Camelia


Lagi-lagi, ini berbicara tentang setangkai Camelia dengan keraguannya yang terus berulang. Sudah dihempas, disingkirkannya ke sabana di bagian terluar pulau singgasana, masih pula kembali, sebut saja badai.

Hai, aku Camelia, dengan beragam kelopak aku mampu berdiri tegak. Aku kuat, sekuat tebing kapur yang hanya terkikis saja ketika diterpa angin malam. Jangan dengarkan dia yang berusaha menceritakan kisahku, biarkan aku langsung menjadi penutur ceritaku sendiri. Aku tangguh, setangguh pantai yang terus ada meski diterjang ombak tanpa jeda. Ku biarkan laut menatapku iri karena selalu menjadi tujuan akhir sang gelombang, dasar! Dia tidak tahu saja bagaimana rasanya seakan-akan menjadi peristirahatan padahal hanya sekadar persinggahan. Aku berani, tak ku halangi setiap serangga yang menghampiri. Entah hanya menoleh, menyapa, berusaha memangkas jarak hingga berhasil menghilangkannya. 

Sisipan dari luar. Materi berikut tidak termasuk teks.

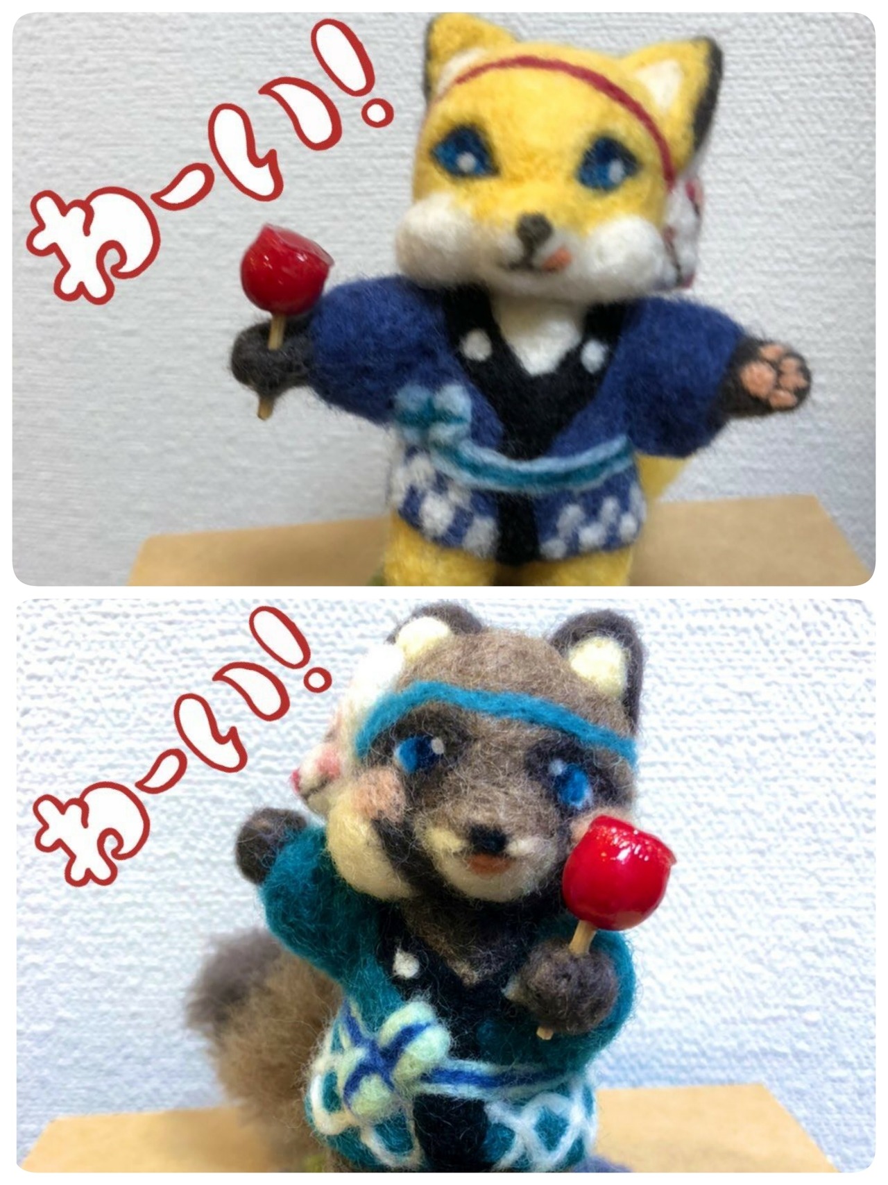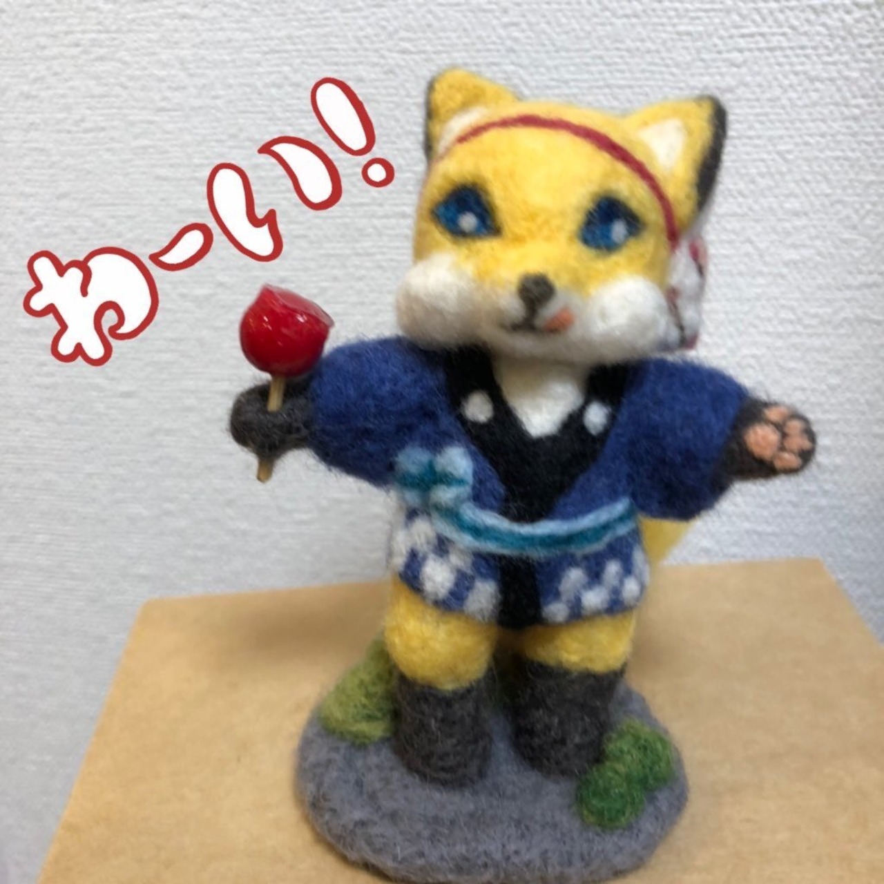 お絵描き狐【羊毛フェルト】YM-01 りんご飴
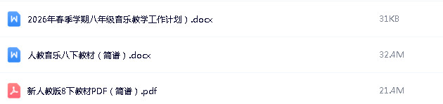资源名称:人教版(简谱)(2024)初中音乐八年级下册成套ppt课件+教案+素材汇编

Sialnya, lagi-lagi ini hanya tuturan Si Camelia. Bunga yang tumbuh tepat di belakang rumahku. Dia sendu, tertawa seiring hujan dan muram ditinggalkan gerimis berharap bau khas tanah saat hujan kembali datang. Camelia tertiup angin, dia memang sulit terbuai, susah berlenggak layaknya bunga hias kebanyakan, bukan tanpa sebab.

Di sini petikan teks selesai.